[Activity] The data should be written out in full, exactly as it stands, and the pictures dropped.

[Available data]
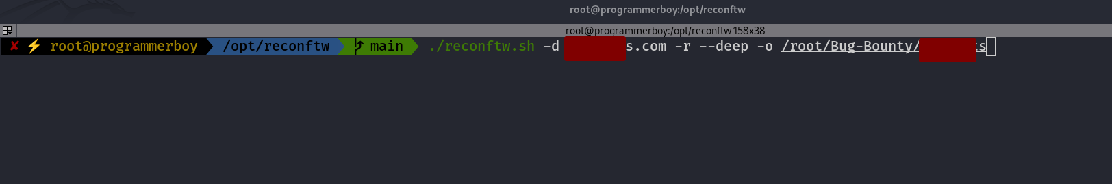 ./reconftw.sh -d domain.com -r --deep -o /root/Bug-Bounty/Domain.com
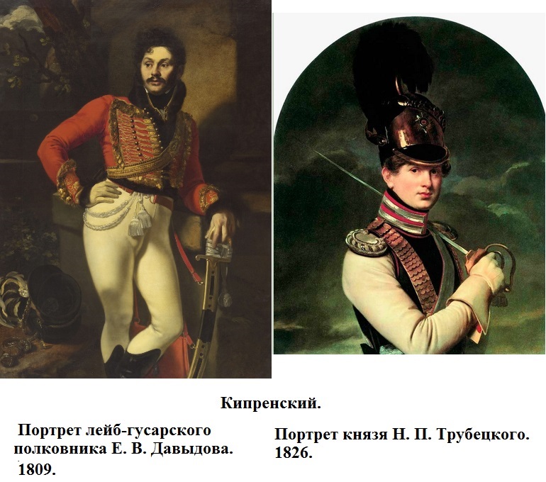"Теперь романтизм говорит, что человек в своей внутренней жизни свободен, ни из чего не выводим (даже из бога), сам себе довлеет, и есть своя собственная причина и причина всего сущего. Культ свободной личности в индивидуалистическом и анархическом сознании эпохи Французской революции поглощал объективный мир. Между тем именно культ свободной личности в ее душевной отъединенности и был одной из основ романтизма — или даже шире: романтизм признал примат частного над общим, индивидуального над общественным или общечеловеческим, конкретного над абстрактным. В этом была и его освобождающая от фикций феодального абсолютизма роль, и его прогрессивность в плане мировоззрения” (http://feb-web.ru/feb/pushkin/critics/guk/guk.htm). В самом деле. Чего эти рубаки (особенно первый) ни с того ни с сего улетели из своей обыденной обстановки мыслечувством куда-то далеко-далеко? – Оттого что ему плевать на обстановку. Причём это было новизной для патриотического и демократического окружения, в котором Кипренский вращался: "…сближает Кипренского с Вольным обществом любителей словесности, наук и художеств… Расцвет деятельности этого вольнолюбивого кружка приходится на рубеж веков, то есть именно на то время, когда и формировалось мировоззрение Кипренского. Тут изучали французских философов и английских экономистов, А. Н. Радищева (в Общество входил его сын). Большое внимание уделялось отечественной истории, и стоит вспомнить, что именно на заседаниях Вольного общества родилась идея воздвижения монумента Минину и Пожарскому, осуществить который взялся скульптор И. П. Мартос… Россия жила ожиданием будущего, которое, правда, вырисовывалось еще крайне смутно, но мысль о нем окрыляла многих. “Допожарная” столица представляла после Петербурга крупный центр духовной жизни страны. Сблизившись с кругами свободомыслящей дворянской интеллигенции, Кипренский все больше вглядывался в свою эпоху, стараясь понять ее… Здесь вели споры вокруг захватнической политики Наполеона, Тильзитский мир не воспринимался прочным, говорилось о том, что только Россия сможет противостоять коварным замыслам французского императора. 1808 и 1809 годы отмечены успешными действиями русской армии в Швеции, Австрии и на Балканском полуострове. Зрели патриотические настроения, давалась резкая отповедь галломании, утверждалась идея национальной независимости” (Турчин. Орест Кипренский. М., 1982). То есть грусть Давыдова – странность для окружения художника. Что и означает, что его подсознательный идеал (индивидуалистский) отличается от осознаваемого (коллективистского, характерного для так называемого гражданского романтизма). . А при всём том я считаю себя патриотом. Почему? Потому что ментально Россия лучше всех приспособлена для коммунизма, в котором люди, оставив работу роботам и искусственному интеллекту, будут жить искусством, неприкладным, когда общаются подсознаниями, сверхтонкостью. Все – аристократы. Так, чтоб к этому готовиться уже сейчас, надо учиться открывать подсознательные идеалы художников, какими бы идеалы ни оказывались. И я этому способствую. Будущей России. 29 июля 2022 г.
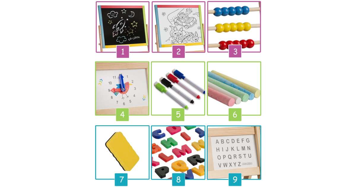 - 🎨 Zubehör: farbige Kreide, löschbare Stifte, Schwamm

[Answer space]
 ./reconftw.sh -d domain.com -r --deep -o /root/Bug-Bounty/Domain.com
"Теперь романтизм говорит, что человек в своей внутренней жизни свободен, ни из чего не выводим (даже из бога), сам себе довлеет, и есть своя собственная причина и причина всего сущего. Культ свободной личности в индивидуалистическом и анархическом сознании эпохи Французской революции поглощал объективный мир. Между тем именно культ свободной личности в ее душевной отъединенности и был одной из основ романтизма — или даже шире: романтизм признал примат частного над общим, индивидуального над общественным или общечеловеческим, конкретного над абстрактным. В этом была и его освобождающая от фикций феодального абсолютизма роль, и его прогрессивность в плане мировоззрения” (http://feb-web.ru/feb/pushkin/critics/guk/guk.htm). В самом деле. Чего эти рубаки (особенно первый) ни с того ни с сего улетели из своей обыденной обстановки мыслечувством куда-то далеко-далеко? – Оттого что ему плевать на обстановку. Причём это было новизной для патриотического и демократического окружения, в котором Кипренский вращался: "…сближает Кипренского с Вольным обществом любителей словесности, наук и художеств… Расцвет деятельности этого вольнолюбивого кружка приходится на рубеж веков, то есть именно на то время, когда и формировалось мировоззрение Кипренского. Тут изучали французских философов и английских экономистов, А. Н. Радищева (в Общество входил его сын). Большое внимание уделялось отечественной истории, и стоит вспомнить, что именно на заседаниях Вольного общества родилась идея воздвижения монумента Минину и Пожарскому, осуществить который взялся скульптор И. П. Мартос… Россия жила ожиданием будущего, которое, правда, вырисовывалось еще крайне смутно, но мысль о нем окрыляла многих. “Допожарная” столица представляла после Петербурга крупный центр духовной жизни страны. Сблизившись с кругами свободомыслящей дворянской интеллигенции, Кипренский все больше вглядывался в свою эпоху, стараясь понять ее… Здесь вели споры вокруг захватнической политики Наполеона, Тильзитский мир не воспринимался прочным, говорилось о том, что только Россия сможет противостоять коварным замыслам французского императора. 1808 и 1809 годы отмечены успешными действиями русской армии в Швеции, Австрии и на Балканском полуострове. Зрели патриотические настроения, давалась резкая отповедь галломании, утверждалась идея национальной независимости” (Турчин. Орест Кипренский. М., 1982). То есть грусть Давыдова – странность для окружения художника. Что и означает, что его подсознательный идеал (индивидуалистский) отличается от осознаваемого (коллективистского, характерного для так называемого гражданского романтизма). . А при всём том я считаю себя патриотом. Почему? Потому что ментально Россия лучше всех приспособлена для коммунизма, в котором люди, оставив работу роботам и искусственному интеллекту, будут жить искусством, неприкладным, когда общаются подсознаниями, сверхтонкостью. Все – аристократы. Так, чтоб к этому готовиться уже сейчас, надо учиться открывать подсознательные идеалы художников, какими бы идеалы ни оказывались. И я этому способствую. Будущей России. 29 июля 2022 г.
 - 🎨 Zubehör: farbige Kreide, löschbare Stifte, Schwamm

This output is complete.